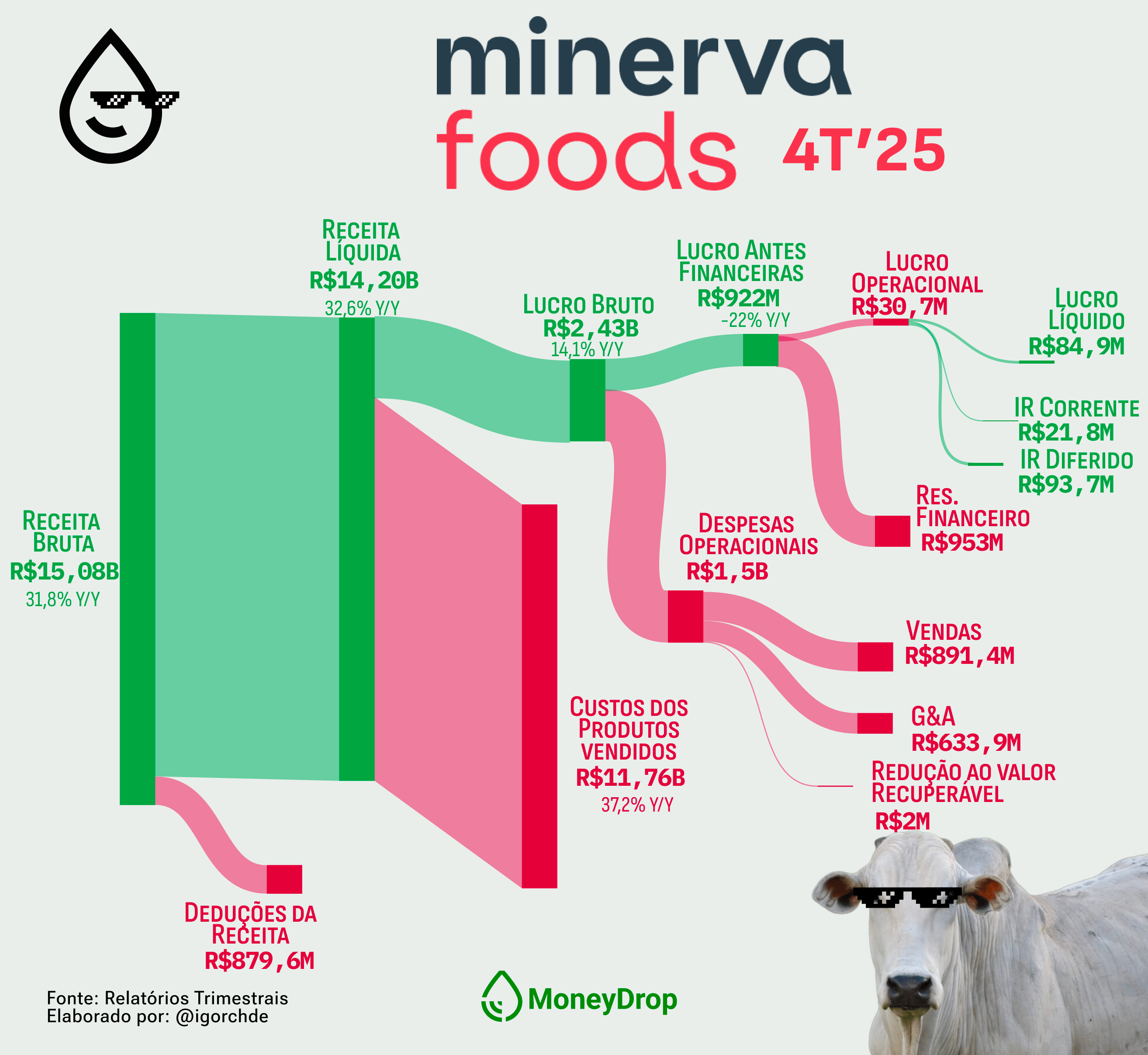 A Minerva Foods, maior exportadora de carne bovina da América do Sul, soltou ontem seus resultados e mostrou que 2025 foi um ano de recordes: receita, lucro e EBITDA. Uma bela reviravolta depois do prejuízo bilionário no ano anterior.
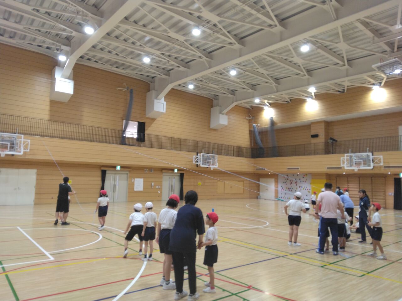 こうや学級が体育館で体育をしました。ギャラリーからひもを垂らしてそこにリレー用のバトンを通します。通したバトンをどこまで投げ上げられるかを競いました。
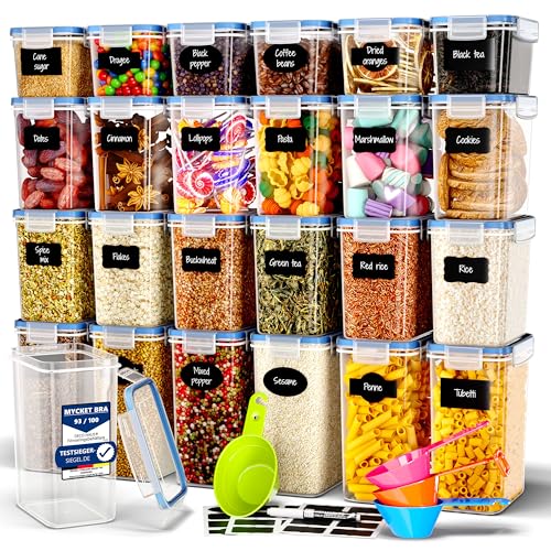 Deco haus Förvaringsburkar 24 set för kök, lufttäta förvaringsbehållare – matförvaringslådor/-behållare av plast med lock – för förvaring av nudlar, flingor, mjöl etc
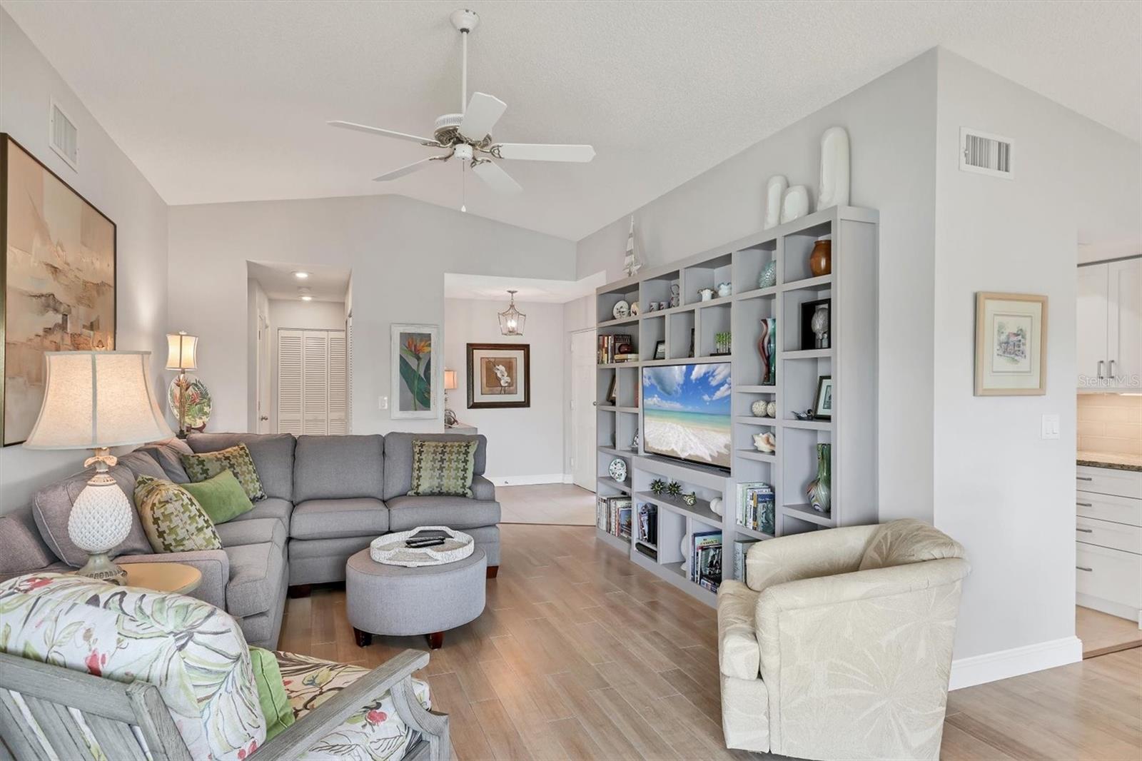 ** Pacífico à beira do lago vivendo a poucos minutos da praia! ** Bem-vindo a este condomínio lindamente mantido, um condomínio de um andar, oferecendo privacidade, tranquilidade e vistas deslumbrantes do lago de todos os quartos. De propriedade de apenas seus dois proprietários, esta casa de 2 quartos e 2 banheiros, cheia de 2 quartos, apresenta um quarto espaçoso e privado e um interior cuidadosamente atualizado, incluindo uma cozinha moderna, piso mais recente e um banho primário renovado. Janelas e portas com classificação de impacto proporcionam um conforto e segurança adicionais. Nenhum dano ao furacão. Desfrute de uma vida no estilo resort com acesso a duas piscinas brilhantes, quadras de tênis e pickleball, uma área de lançamento e armazenamento de caiaque, shuffleboard e uma academia bem equipada-tudo com um clube principal bem mantido e portão de guarda comunitário. Pouco menos de 5 quilômetros das praias premiadas da Ilha Anna Maria, este retiro sereno é a mistura perfeita de conveniência e charme costeiro. Não perca a chance de viver o estilo de vida da Flórida que você sonha!
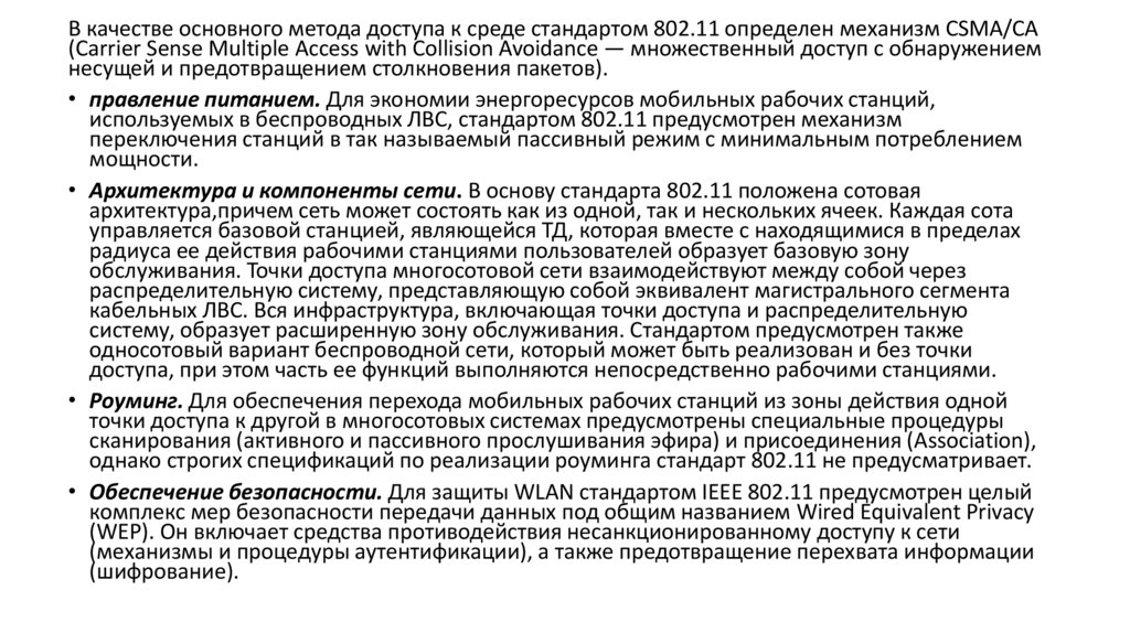 В качестве основного метода доступа к среде стандартом 802.11 определен механизм CSMA/CA(Carrier Sense Multiple Access with Collision Avoidance — множественный доступ с обнаружением
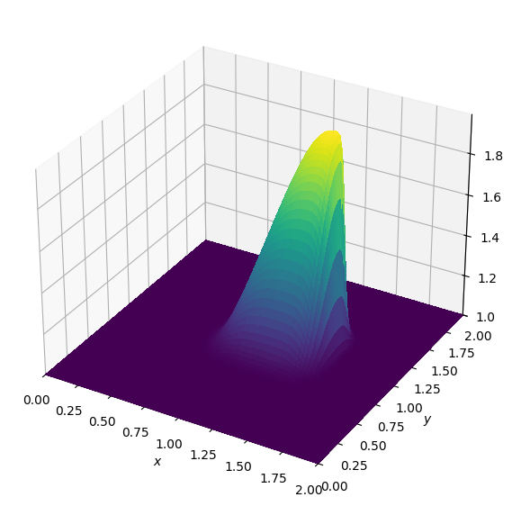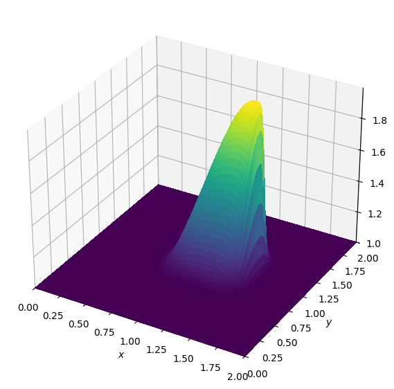 \[\begin{aligned} u_{i,j}^{n+1} &= u_{i,j}^n - u_{i,j}^n \frac{\Delta t}{\Delta x} (u_{i,j}^n-u_{i-1,j}^n) - v_{i,j}^n \frac{\Delta t}{\Delta y} (u_{i,j}^n-u_{i,j-1}^n) \\ \\ v_{i,j}^{n+1} &= v_{i,j}^n - u_{i,j}^n \frac{\Delta t}{\Delta x} (v_{i,j}^n-v_{i-1,j}^n) - v_{i,j}^n \frac{\Delta t}{\Delta y} (v_{i,j}^n-v_{i,j-1}^n) \end{aligned}\]So, for starters we will re-create the original example run in pure NumPy array notation, before demonstrating the Devito version. Let’s start again with some utilities and parameters:

____

*WHAT YOU SHOULD DO:*
Set down each of the records precisely, leaving any pictures behind.

*ANSWER TO THE PROBLEM:*
 A Minerva Foods, maior exportadora de carne bovina da América do Sul, soltou ontem seus resultados e mostrou que 2025 foi um ano de recordes: receita, lucro e EBITDA. Uma bela reviravolta depois do prejuízo bilionário no ano anterior.
 こうや学級が体育館で体育をしました。ギャラリーからひもを垂らしてそこにリレー用のバトンを通します。通したバトンをどこまで投げ上げられるかを競いました。
 Deco haus Förvaringsburkar 24 set för kök, lufttäta förvaringsbehållare – matförvaringslådor/-behållare av plast med lock – för förvaring av nudlar, flingor, mjöl etc
 ** Pacífico à beira do lago vivendo a poucos minutos da praia! ** Bem-vindo a este condomínio lindamente mantido, um condomínio de um andar, oferecendo privacidade, tranquilidade e vistas deslumbrantes do lago de todos os quartos. De propriedade de apenas seus dois proprietários, esta casa de 2 quartos e 2 banheiros, cheia de 2 quartos, apresenta um quarto espaçoso e privado e um interior cuidadosamente atualizado, incluindo uma cozinha moderna, piso mais recente e um banho primário renovado. Janelas e portas com classificação de impacto proporcionam um conforto e segurança adicionais. Nenhum dano ao furacão. Desfrute de uma vida no estilo resort com acesso a duas piscinas brilhantes, quadras de tênis e pickleball, uma área de lançamento e armazenamento de caiaque, shuffleboard e uma academia bem equipada-tudo com um clube principal bem mantido e portão de guarda comunitário. Pouco menos de 5 quilômetros das praias premiadas da Ilha Anna Maria, este retiro sereno é a mistura perfeita de conveniência e charme costeiro. Não perca a chance de viver o estilo de vida da Flórida que você sonha!
 В качестве основного метода доступа к среде стандартом 802.11 определен механизм CSMA/CA(Carrier Sense Multiple Access with Collision Avoidance — множественный доступ с обнаружением
 \[\begin{aligned} u_{i,j}^{n+1} &= u_{i,j}^n - u_{i,j}^n \frac{\Delta t}{\Delta x} (u_{i,j}^n-u_{i-1,j}^n) - v_{i,j}^n \frac{\Delta t}{\Delta y} (u_{i,j}^n-u_{i,j-1}^n) \\ \\ v_{i,j}^{n+1} &= v_{i,j}^n - u_{i,j}^n \frac{\Delta t}{\Delta x} (v_{i,j}^n-v_{i-1,j}^n) - v_{i,j}^n \frac{\Delta t}{\Delta y} (v_{i,j}^n-v_{i,j-1}^n) \end{aligned}\]So, for starters we will re-create the original example run in pure NumPy array notation, before demonstrating the Devito version. Let’s start again with some utilities and parameters:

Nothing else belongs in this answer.